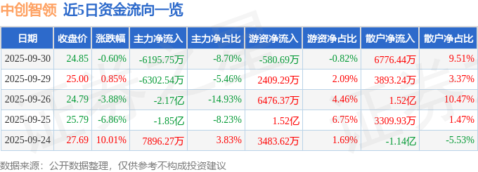 9月30日的资金流向数据方面,主力资金净流出6195.75万元,占总成交额8.7%,游资资金净流出580.69万元,占总成交额0.82%,散户资金净流入6776.44万元,占总成交额9.51%。
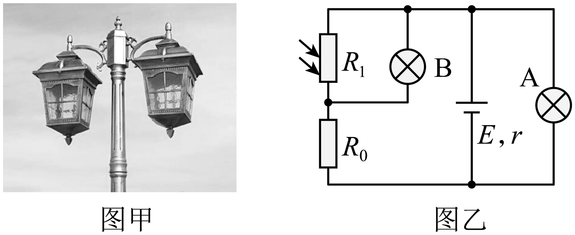 2、如图甲,为某地新装的一批节能路灯,该路灯通过光控开关实现自动控制,电灯的亮度可自动随周围环境的亮度改变而改变。如图乙,为其内部电路简化原理图,电源电动势为E,内阻为r,为光敏电阻(光照强度增加时,其电阻值减小)。现减少光照强度,灯泡电阻不变,则下列判断正确的是( )A、A、B灯都变暗 B、A、B灯都变亮 C、电源的总功率变大 D、电源的效率变大
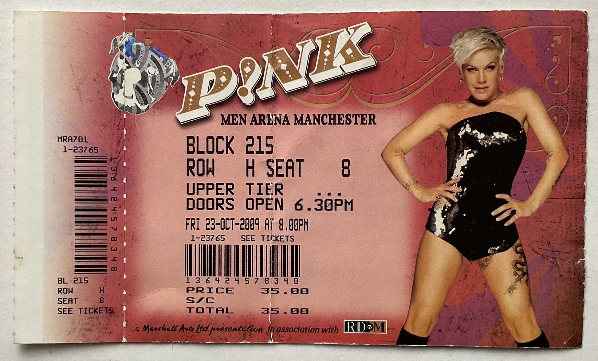 P!nk Pink Original Unused Concert Ticket MEN Arena Manchester 23rd Oct 2009

# What is expected:
Please copy the data above exactly, omitting the pictures.

# Reply:
 9月30日的资金流向数据方面,主力资金净流出6195.75万元,占总成交额8.7%,游资资金净流出580.69万元,占总成交额0.82%,散户资金净流入6776.44万元,占总成交额9.51%。
 2、如图甲,为某地新装的一批节能路灯,该路灯通过光控开关实现自动控制,电灯的亮度可自动随周围环境的亮度改变而改变。如图乙,为其内部电路简化原理图,电源电动势为E,内阻为r,为光敏电阻(光照强度增加时,其电阻值减小)。现减少光照强度,灯泡电阻不变,则下列判断正确的是( )A、A、B灯都变暗 B、A、B灯都变亮 C、电源的总功率变大 D、电源的效率变大
 P!nk Pink Original Unused Concert Ticket MEN Arena Manchester 23rd Oct 2009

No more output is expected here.